# printing tags/labels



## HPSC (Apr 8, 2010)

Hello all,

Im new to this forum. Im looking for the right solution to printing tagless labels or using heat transfer paper with a iron for my hanes 50/50 5170 white t-shirts.

I currently use the following printers
1. HP PSC 1610
2. HP Laserjet 3015
3. HP Laserjet 4050
4. HP Deskjet 6540
5. Brother MFC 5440 CN

Im looking to either buy Avery-Dennison heat transfer tags, and iron it on. Heat Transfer Labels

Or get Avery Heat transfer paper at a local staples or wallmart and print the label small and iron it on myself


What do you all think is the best solution in printing the inside labels for cost and quality?


----------



## HRClothes (Jan 19, 2009)

HPSC said:


> Hello all,
> 
> Im new to this forum.

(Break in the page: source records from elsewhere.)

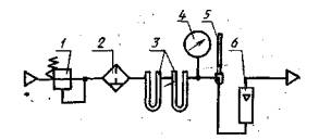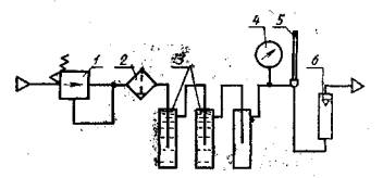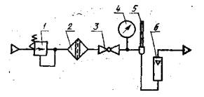 1 - регулятор давления; 2 - фильтродержатель с фильтром аналитическим типа АФА-ВП; 3 - кран муфтовый латунный; 4 - манометр образцовый или U-образный; 5 - термометр; 6 - ротаметр типа РМ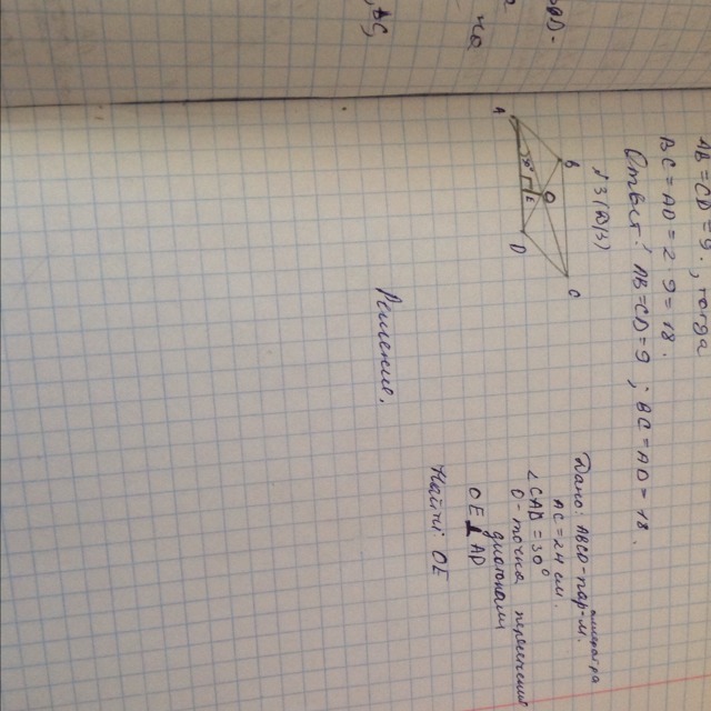 рассмотрим треугольник АОЕ , он прямоугольный так как ОЕ перпендикулярно АD
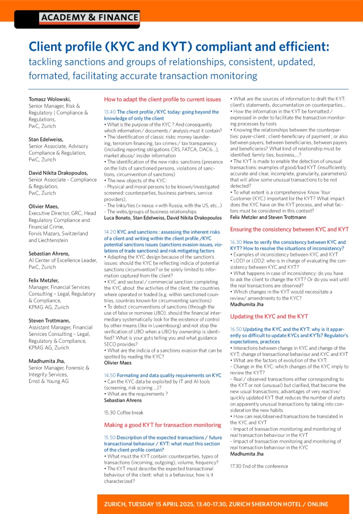Client profile (KYC and KYT) compliant and efficient : tackling sanctions and groups of relationships, consistent, updated, formated, facilitating accurate transaction monitoring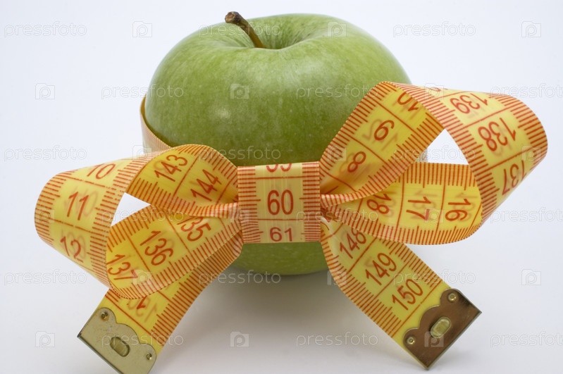 Зеленое яблоко, перевязанное измерительной лентой

Im looking for the right solution to printing tagless labels or using heat transfer paper with a iron for my hanes 50/50 5170 white t-shirts.
> 
> ...



hey Bro... Seriously... do not buy the crap from walmart, if ur gonna do a whole sheet route go to tshirtsupplies.com and buy from them, it is acctually kinda cheaper... kinda... but better quality!

Thanks for the link u provided thats who I am going with!


----------